Le dragon engendre un dragon et le phénix un phénix, dit un vieux dicton chinois, mais dans la cas de «Marito» ces opinions méritent d’être nuancées. Car, de l’époque sombre de la dictature, il s’est justifié tout au long de sa campagne en rappelant qu’il n’avait que 16 ans à la chute du général Stroessner. En réalité, il se considère comme «un démocrate respectueux des institutions», et il insiste avec ses formules toutes faites sorties d’un manuel d’apprenti en soulignant sa volonté de «panser les blessures du passé pour affronter les défis de l’avenir».

Mais au-delà du discours officiel visant à séduire la population, «il a condamné les violations des droits de l’homme, les tortures et les persécutions commises sous la dictature, sans toutefois demander pardon ou tenter de lever le voile d’impunité qui recouvre ces crimes», remarque la journaliste Christine Legrand. Et elle ajoute : «Entre 1000 et 3000 personnes sont mortes ou ont été portées disparues pendant la dictature […]. Mario Abdo Benítez estime toutefois que Stroessner « a beaucoup fait pour son pays ». Il donne en exemple le barrage d’Itaipu, l’une des plus grandes centrales hydroélectriques du monde, partagée avec le Brésil et entrée en service en 1984. Aujourd’hui, 43% de l’électorat, âgé entre 18 et 34 ans, n’a pas connu la dictature.»

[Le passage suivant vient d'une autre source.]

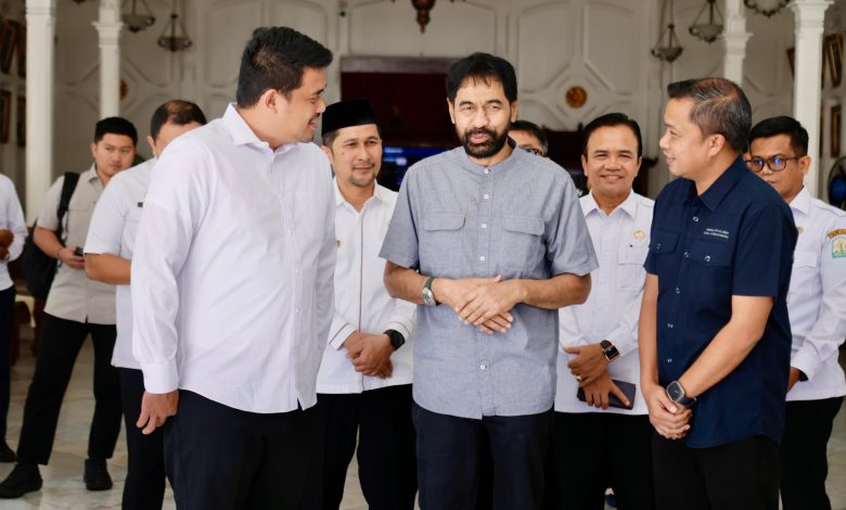 BANDA ACEH– Gubernur Aceh, Muzakir Manaf atau Mualem menerima kunjungan silaturahmi Gubernur Sumatera Utara Bobby Nasution dan Bupati Tapanuli Tengah Masinton Pasaribu, di Pendopo Gubernur Aceh, Rabu (4/6/2025).

C’est la raison pour laquelle une deuxième lecture de son élection révèle qu’une grande partie de la population a tourné la page de la dictature. L’appui du jeune électorat populaire donc, constitue l’élément clé du renversement des mentalités. Or pour ne pas le décevoir, Mario Abdo Benítez a promis de reformer la justice pour combattre la corruption, lutter contre le trafic de drogue, garantir la continuité des politiques libérales qui ont permis au Paraguay une croissance annuelle d’environ 4% depuis dix ans et maintenir la baisse des impôts pour continuer à attirer les investisseurs étrangers. Autant de belles mesures censées donner une impulsion nouvelle à ce pays, l’un des plus démunis de la région, miné par les inégalités sociales et une pauvreté extrême dans laquelle vit un tiers des 7 millions d’habitants.

Eduardo UGOLINI

[1] «Tel père, tel fils», Libanius, rhéteur grec du IVe s. apr. J.-C.).